Evening and Morning
By Charles Haddon Spurgeon
September 16
Morning
"Partakers
of the divine nature."—2 Peter 1:4.
To be a partaker of the
divine nature is not, of course, to become God. That cannot be. The essence of
Deity is not to be participated in by the creature. Between the creature and
the Creator there must ever be a gulf fixed in respect of essence; but as the first
man Adam was made in the image of God, so we, by the renewal of the Holy
Spirit, are in a yet diviner sense made in the image of the Most High, and are
partakers of the divine nature. We are, by grace, made like God. "God is
love"; we become love—"He that loveth
is born of God." God is truth; we become true, and we love that which is
true: God is good, and He makes us good by His grace, so that we become the
pure in heart who shall see God.
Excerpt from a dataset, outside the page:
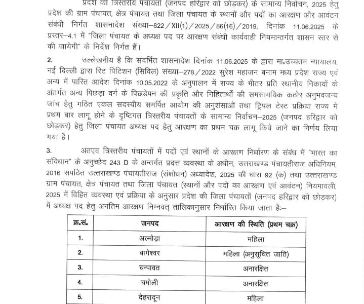 देहरादून। जिला पंचायत अध्यक्ष पद को लेकर बड़ी अपडेट सामने आई है। प्रशासन की ओर से आरक्षण की अंतिम सूची जारी कर दी गई है। अगर...

Moreover, we become
partakers of the divine nature in even a higher sense than this—in fact,
in as lofty a sense as can be conceived, short of our being absolutely divine.
Do we not become members of the body of the divine person of Christ? Yes, the
same blood which flows in the head flows in the hand:
and the same life which quickens Christ quickens His people, for "Ye are
dead, and your life is hid with Christ in God." Nay, as if this were not
enough, we are married unto Christ. He hath betrothed us unto Himself in
righteousness and in faithfulness, and he who is joined unto the Lord is one
spirit. Oh! marvellous
mystery! we look into it, but who shall understand it?
One with Jesus—so one with Him that the branch is not more one with the
vine than we are a part of the Lord, our Saviour, and
our Redeemer! While we rejoice in this, let us remember that those who are made
partakers of the divine nature will manifest their high and holy relationship
in their intercourse with others, and make it evident by their daily walk and
conversation that they have escaped the corruption that is in the world through
lust. O for more divine holiness of life!
Evening
"Am I a
sea, or a whale, that Thou settest a watch over
me?"—Job 7:12.
This was a strange question
for Job to ask of the Lord. He felt himself to be too insignificant to be so
strictly watched and chastened, and he hoped that he was not so unruly as to
need to be so restrained. The enquiry was natural from one surrounded with such
insupportable miseries, but after all, it is capable of a very humbling answer.
It is true man is not the sea, but he is even more troublesome and unruly. The
sea obediently respects its boundary, and though it be
but a belt of sand, it does not overleap the limit. Mighty as it is, it hears
the divine hitherto, and when most raging with tempest it respects the
word; but self-willed man defies heaven and oppresses earth, neither is there
any end to this rebellious rage. The sea, obedient to the moon, ebbs and flows
with ceaseless regularity, and thus renders an active as well as a passive
obedience; but man, restless beyond his sphere, sleeps within the lines of
duty, indolent where he should be active. He will neither come nor go at the
divine command, but sullenly prefers to do what he should not, and to leave
undone that which is required of him. Every drop in the ocean, every beaded
bubble, and every yeasty foam-flake, every shell and pebble, feel the power of
law, and yield or move at once. O that our nature were
but one thousandth part as much conformed to the will of God! We call the sea
fickle and false, but how constant it is! Since our fathers' days, and the old
time before them, the sea is where it was, beating on the same cliffs to the
same tune; we know where to find it, it forsakes not its bed, and changes not
in its ceaseless boom; but where is man-vain, fickle man? Can the wise man
guess by what folly he will next be seduced from his obedience? We need more
watching than the billowy sea, and are far more rebellious. Lord, rule us for Thine own glory. Amen.